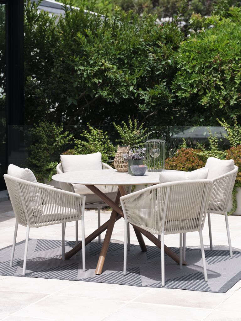 Ensemble de meubles de jardin 4 personnes. Table : acier et ciment. Ø120 x H74 cm. Chaise : aluminium et polyester. Incl. coussin haut de gamme avec housse résistante à séchage rapide. La housse intérieure possède un revêtement imperméable qui empêche l'eau de pénétrer dans le coussin. Empilable.
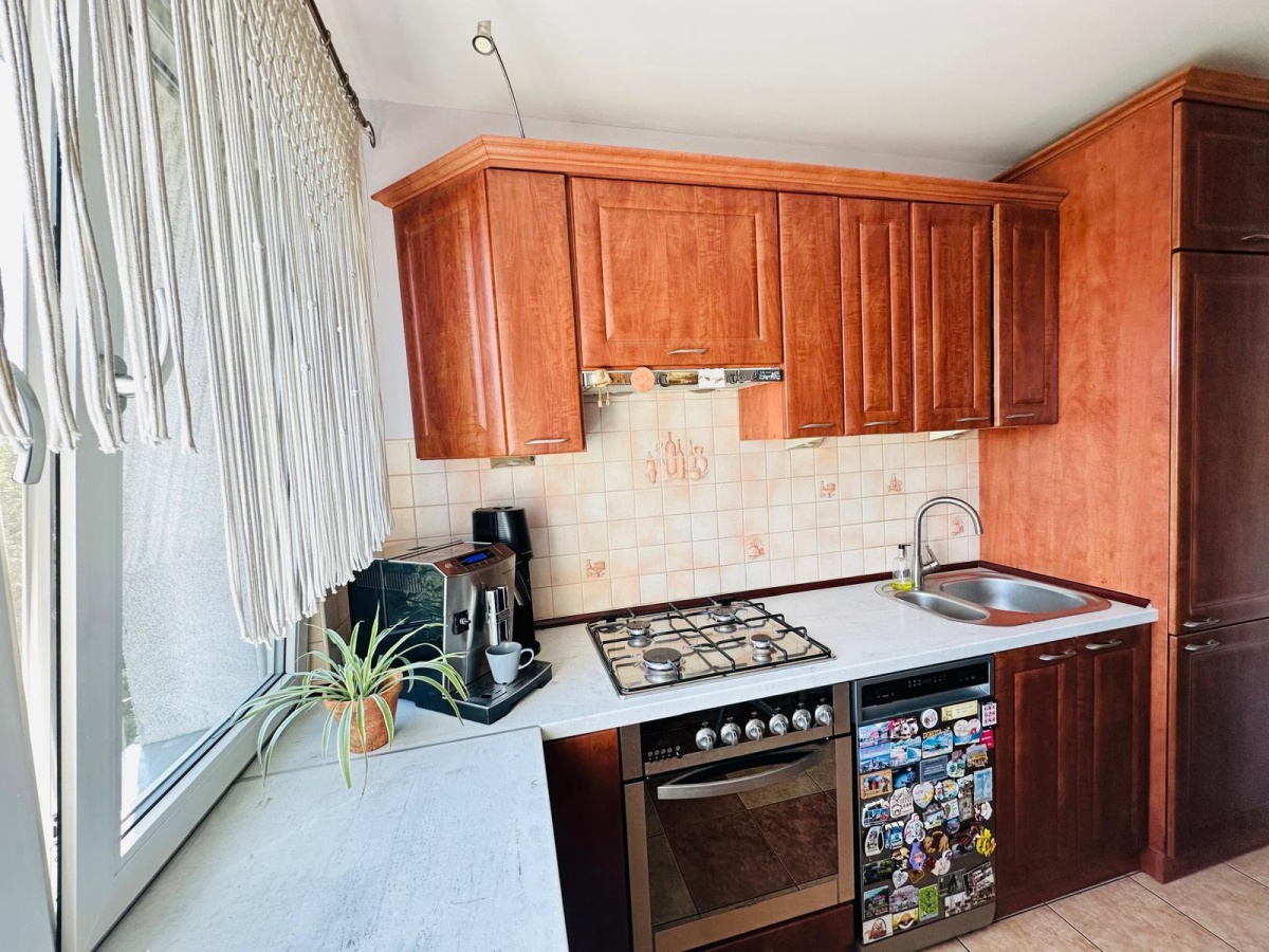 - Przestronna kuchnia otwarta na korytarz, chłodziarko-zamrażarka, piekarnik (elektryczny), płyta gazowa i pochłaniacz w zabudowie, zmywarka wolnostojąca, zlew 1,5-komorowy,
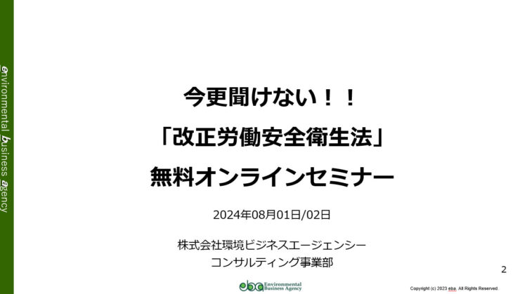 「改正労働安全衛生法」 無料オンラインセミナーを開催いたしました
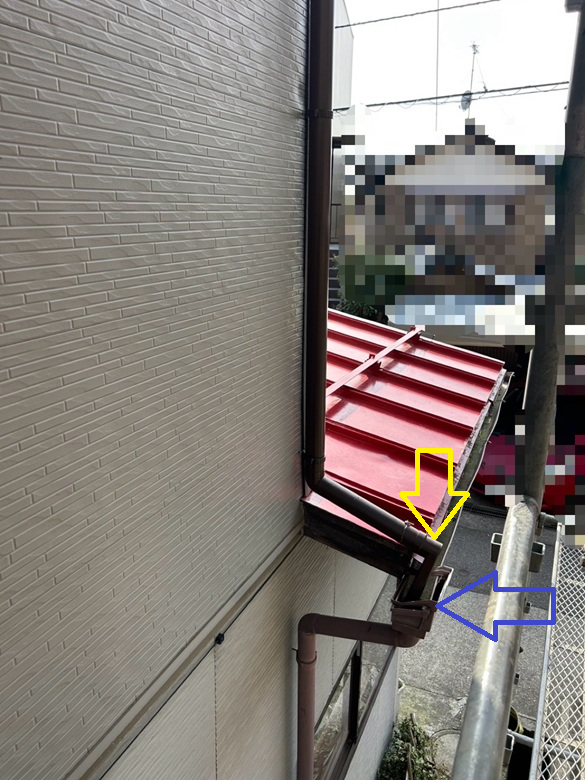 コチラは軒樋から下屋根(赤い屋根)に沿わせて雨どいを設置し、下屋根の集水器(青い矢印)に雨水が流れるように施工しました!

■ What is being asked:
Output the data above exactly, excluding images.

■ Response:
 Ensemble de meubles de jardin 4 personnes. Table : acier et ciment. Ø120 x H74 cm. Chaise : aluminium et polyester. Incl. coussin haut de gamme avec housse résistante à séchage rapide. La housse intérieure possède un revêtement imperméable qui empêche l'eau de pénétrer dans le coussin. Empilable.
 - Przestronna kuchnia otwarta na korytarz, chłodziarko-zamrażarka, piekarnik (elektryczny), płyta gazowa i pochłaniacz w zabudowie, zmywarka wolnostojąca, zlew 1,5-komorowy,
 「改正労働安全衛生法」 無料オンラインセミナーを開催いたしました
 コチラは軒樋から下屋根(赤い屋根)に沿わせて雨どいを設置し、下屋根の集水器(青い矢印)に雨水が流れるように施工しました!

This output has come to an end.